Posséder. Pourquoi nous voulons toujours plus que ce que nous avons

HOOD Bruce, Éd. FYP, 2021, 226 p

La planète ne possède qu’1,9 hectares par personne pour fournir à l’humanité les ressources à son existence qui en consomme déjà 2,3. Comment expliquer cette quête insatiable d’une accumulation de biens et de richesses qui nous mène droit dans le mur ?

L’un des premiers mots que le bébé prononce est souvent « à moi », quand il veut garder un objet auquel il tient ! Cette pulsion de possession, à l’origine du réflexe d’appropriation et de l’acte social de propriété, serait-il inné chez l’être humain ?

La réponse à cette question s’abreuve aux sources tant biologiques que culturelles, historiques que psychologiques. Registres largement utilisés par l’auteur, Bruce Hood, docteur en psychologie, spécialiste des neurosciences cognitives.

Il est vrai que pendant 95 % de son existence l’homo-sapiens n’a guère eu l’occasion de posséder grand-chose. L’itinérance, que lui imposait son mode de vie de chasseurs-cueilleurs, le contraignait à ne détenir que ce qu’il pouvait emporter avec lui. Les biens présents n’étaient pas possédés individuellement, mais collectivement. Non par choix, mais du fait d’un mode de vie communautaire ne laissant guère de place à la propriété personnelle.

C’est avec la production d’excédents de ressources que la question s’est posée de leur attribution. C’est alors qu’a commencé cette course sans fin à l’accumulation dans laquelle nous nous trouvons encore aujourd’hui. « Le premier qui, ayant enclos un terrain, s’avisa de dire ‘ceci est à moi’ et trouva des gens assez simples pour le croire, fut le vrai fondateur de la société civile » affirmait Rousseau en 1754

chaque époque et chaque civilisation ont néanmoins leur propre définition de ce qu’est la propriété. Ce n’est là rien d’autre qu’une convention, une construction mentale et une précision juridique spécifiques et singulières à chaque communauté humaine.

La propriété s’étend aux biens, aux objets, aux terres, aux bâtiments, à la production intellectuelle, à son image, à son corps… Mais elle a pu tout autant concerner ses esclaves, son épouse ou ses enfants.

S’il est difficile de lui donner une définition, il est néanmoins possible d’en établir les limites  : contrôle de l’accès physique à une ressource qui ne peut être utilisée librement sans l’accord de son propriétaire.

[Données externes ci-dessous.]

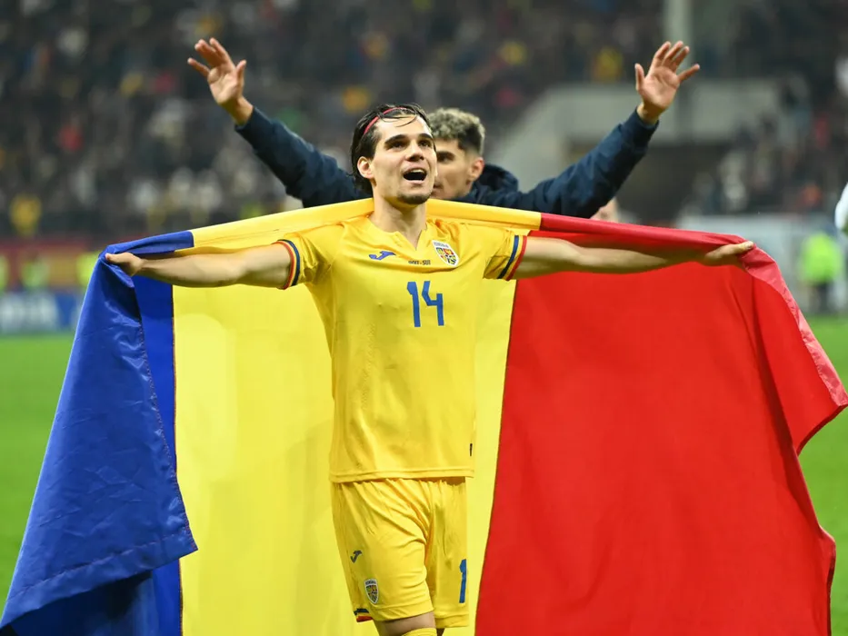 Ianis Hagi saluta suporterii alaturi de tricolor dupa meciul de fotbal dintre Romania si Elvetia, din cadrul preliminariilor Campionatului European 2024, desfasurat pe Arena Nationala, marti 21 noiembrie 2023. © FOTO:Razvan Pasarica/SPORT PICTURES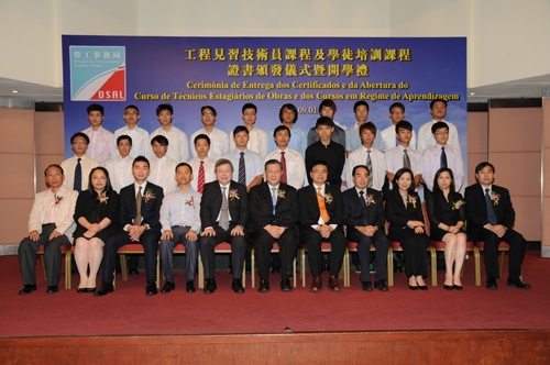 A Cerimónia de Entrega dos Certificados e da Abertura do Curso de Técnicos Estagiários de Obras e dos Cursos em Regime de Aprendizagem, organizada pela Direcção dos Serviços para os Assuntos Laborais (DSAL) teve lugar no dia 1 de Setembro na Sala Lótus do Centro de Comércio Mundial Macau, tendo sido atribuídos certificados aos 19 formandos aprovados no Curso de Técnicos Estagiários de Obras 2010 e aos 52 formandos aprovados na 13.ª Edição dos Cursos em Regime de Aprendizagem, e ainda foram premiados 8 formandos das 13.ª e 14.ª Edições do Curso em Regime de Aprendizagem que obtiveram melhores classificações ou que nunca faltaram às aulas. Nesta cerimónia, o Director da DSAL Dr. Shuen Ka Hung encorajou os formandos aprovados a contribuírem com empenho para a sociedade através das técnicas profissionais adquiridas e, os formandos que ainda se encontram a receber formação, devem aproveitar esta oportunidade de aprendizagem para enriquecer sua experiência profissional.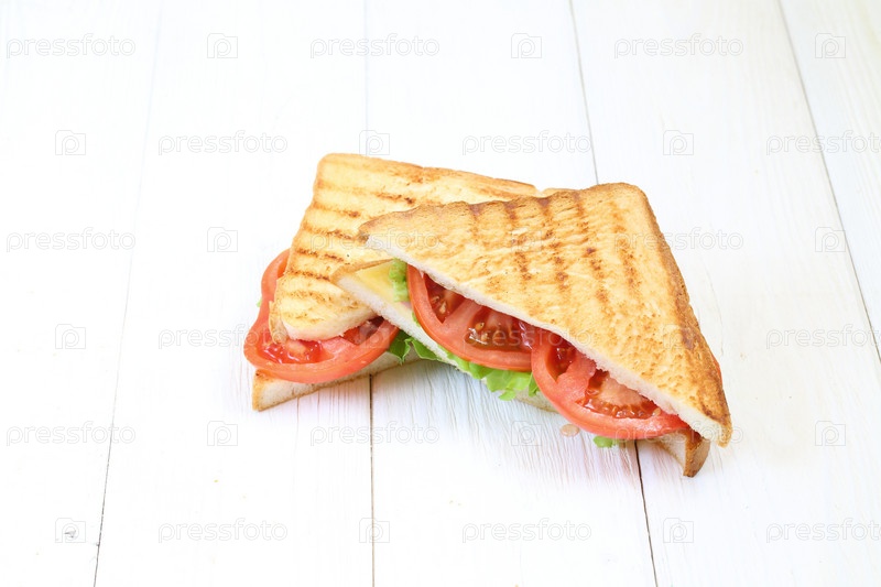 Сэндвич с помидорами, сыром и ветчиной на темном деревянном фоне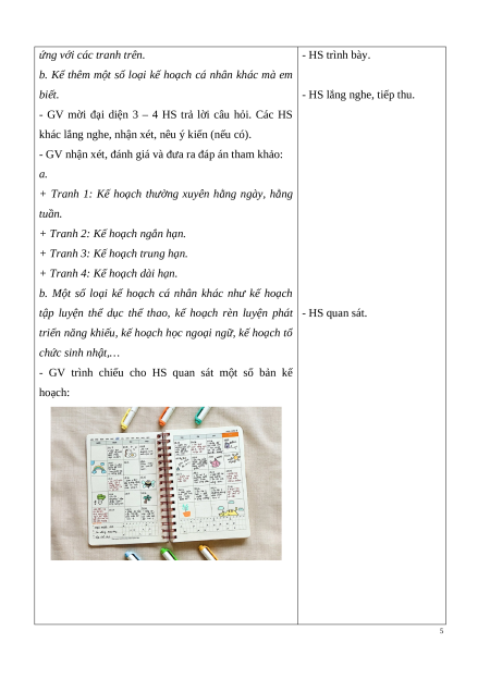a. Mục tiêu: HS nêu được các loại kế hoạch cá nhân. b. Cách tiến hành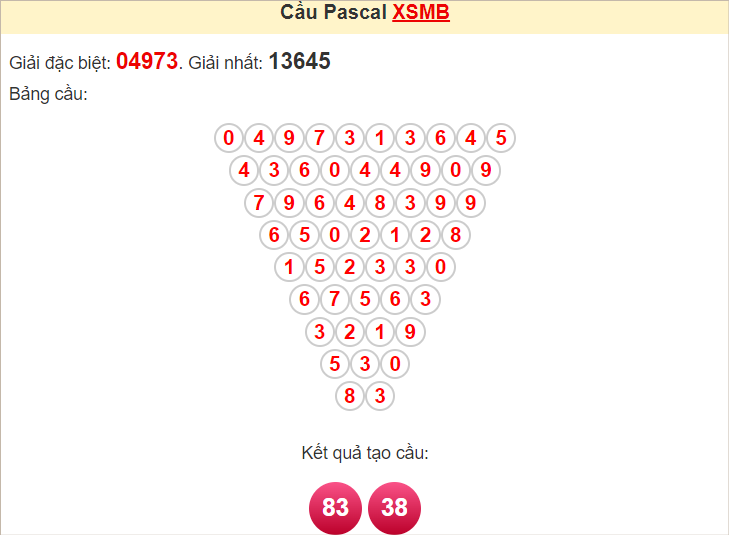 Kết quả từ soi cầu Pascale là cặp số may mắn: 83 38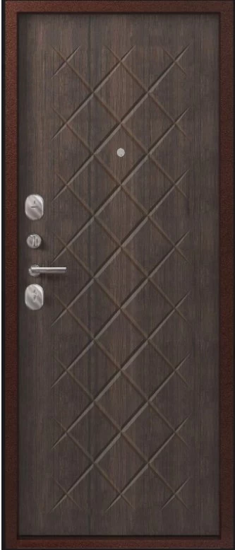 Надежная входная Дверь V-02 медь антик - венге премиум класса по цене 37 401 руб. Большая толщина стали защитит от проникновения в ваш дом, квартиру или коттедж. Используется очень качественная фурнитура: замки, цилиндры, ручки, защелки. Покрытие и отделка двери изготовлено под внимательным контролем производителя. Дверь имеет долгий срок службы и гарантию.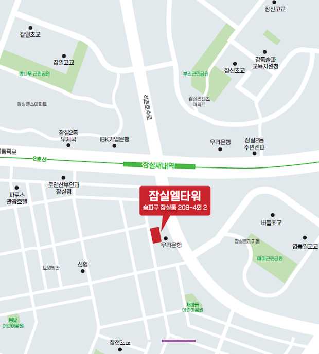 잠실엘타워는 서울 송파구 잠실새내역, 삼전역, 종합운동장 근처에 위치하고 있습니다.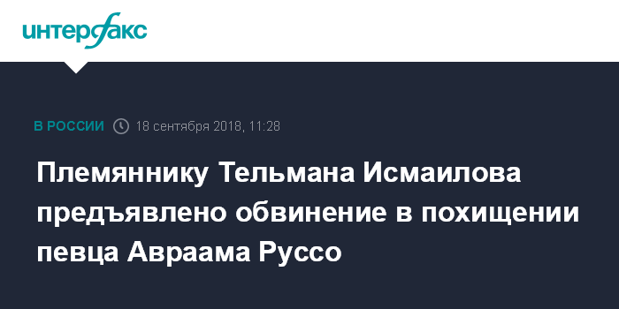 Москва. 18 сентября. INTERFAX.RU - Следственный комитет России предъявил племяннику бывшего владельца Черкизовского рынка Тельмана Исмаилова обвинение в похищении певца Авраама Руссо, совершенном в 2004 году, сообщила адвокат Исмаилова Марина Русакова.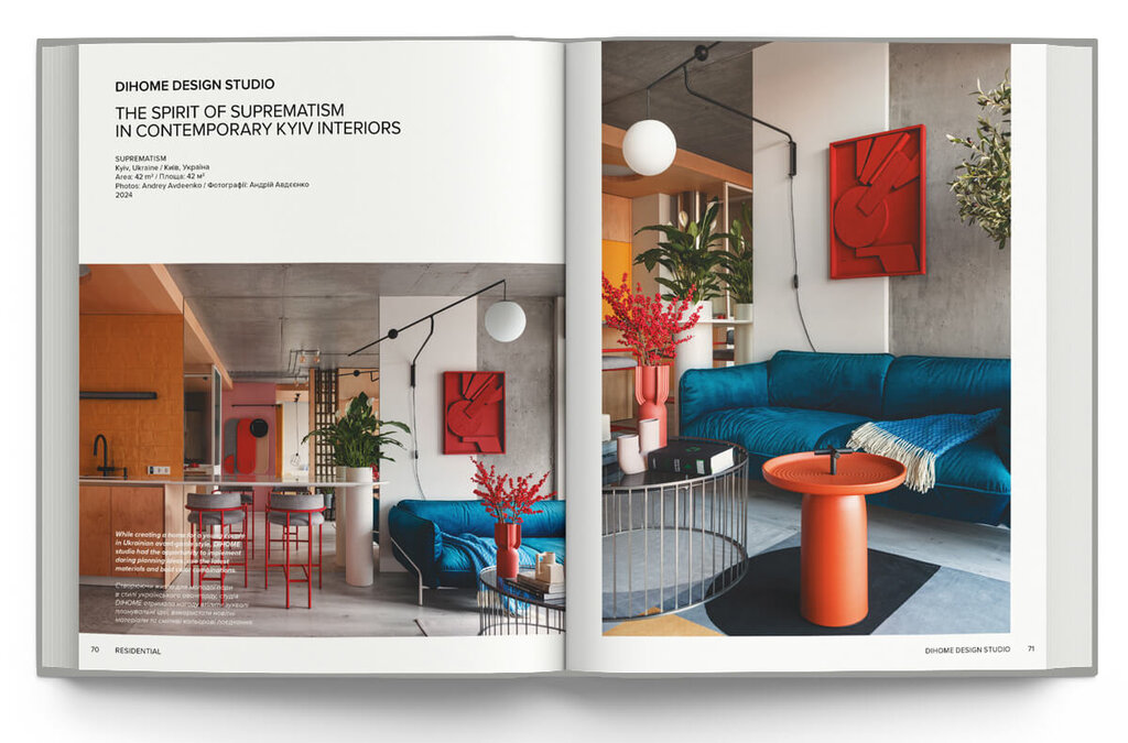 Книга Interior Design розповідає про проєкти дизайну інтер’єрів комерційної та житлової нерухомості, які було реалізовано та/або введено в експлуатацію під час повномасштабної війни в Україні з 2022 до 2024 року. До видання увійшли об’єкти від 34 українських дизайнерів і студій. Публікація розповідає не просто про сучасні інтер’єри, а передусім про талановитих українців – дизайнерів та архітекторів, які продовжують працювати, творити, реалізовувати власні ідеї та мрії своїх клієнтів навіть у найважчі часи для життя та бізнесу. Ця книга – вже третій випуск із серії про дизайн інтер’єру від видавництва Creative Publishing. Багато професіоналів залишили Україну через повномасштабне вторгнення або шукають нові ринки, тому в цей випуск книги редакція також додала їхні закордонні проєкти, створені під час війни.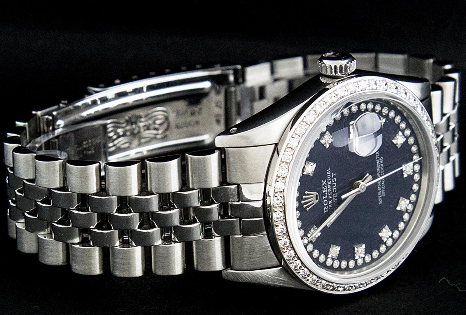 One Mens Rolex Stainless Steel Datejust Polished Bright with Satin Finish, This Watch Has Been Serviced & Electronically Tested, Stainless Steel Case: 36mm, Stainless Steel Crown, Custom Bezel: New 18K White Gold Beadset Diamond Bezel, Diamond Count: 44 Diamonds, Total Weight 1.00 Carat, Clarity: SI-VS, Color: G to H. Custom Crystal: New Scratch Resistant Synthetic Sapphire Cyclops Lens. Custom Hands: New Luminescent Hands. Movement: Automatic Winding Movement. Custom Dial: Black String Single Cut Diamond Dial, Diamond Count: 58 Diamonds In Dial, Color: G to H, Clarity: VS2. Date Window: 3 O'Clock Position Date Display, Quickset, Model: Datejust. Condition: G-6 Extra Fine. Bracelet: Stainless Steel Jubilee Band. Bright Polish & Satin Finish. 7.0 Inch Length, Adjustable. Standard Clasp, With Rolex Logo. This Watch Has Been Serviced Time Tested And Is In Excellent Condition It Is Free Of All Scratches And Dents.

Reste à comprendre pourquoi la possession entraine une soif inextinguible d’en avoir toujours plus

Première hypothèse présentée par l‘auteur : la compétition pour la reproduction. Comme toutes les autres espèces, l’être humain cherche instinctivement à impressionner ses éventuel(le)s partenaires, en arborant des attributs en apparence inutiles, mais marqueurs fiables de certaines qualités attendues. La consommation ostentatoire est là pour impressionner les autres.

Seconde hypothèse : l’espèce humaine est avant tout formatée pour (et par) une sociabilité qui fut pendant longtemps la condition de sa survie. Mais chacun de ses membres est porté à se distinguer. Avec la conviction d’être ce qu’il a, de forger son identité à partir de ce dont il dispose, d’exister à travers ce qu’il détient. Plus il possède, plus il a le sentiment d’avoir de la valeur.

Troisième hypothèse : le circuit mental de la récompense est activé par la démarche d’acquisition. Plus nous accumulons, plus nous stimulons les neurones libérant de la dopamine, hormones du plaisir.

Le problème c’est que la pulsion incitant à prendre possession de quelque chose ne produit jamais la pleine satisfaction attendue, contraignant à reproduire l’opération à l’infini. L’acquisition ne fournit jamais le contentement recherché, puisque c’est son anticipation qui procure la gratification souhaitée, la quête étant plus importante que la prise. « L'homme n'est point la somme de ce qu'il a, mais la totalité de ce qu'il n'a pas encore, de ce qu'il pourrait avoir. » disait Jean-Paul Sartre

C’est bien pour cette raison qu’aucune causalité n’a jamais pu être établie entre la possession et le bonheur. Certes, une augmentation des ressources pour les plus pauvres ne peut qu’apporter un mieux-être. Mais au-delà d'un certain seuil, l’augmentation de la richesse n’entraîne pas d’augmentation équivalente du bonheur, comme la démontré en 1974 l’économiste de Richard d’Easterlin, à travers le paradoxe qui porte son nom.

Et l’auteur d’en conclure que si l’accumulation est facteur de progrès humain, il est aussi cause de sa destruction.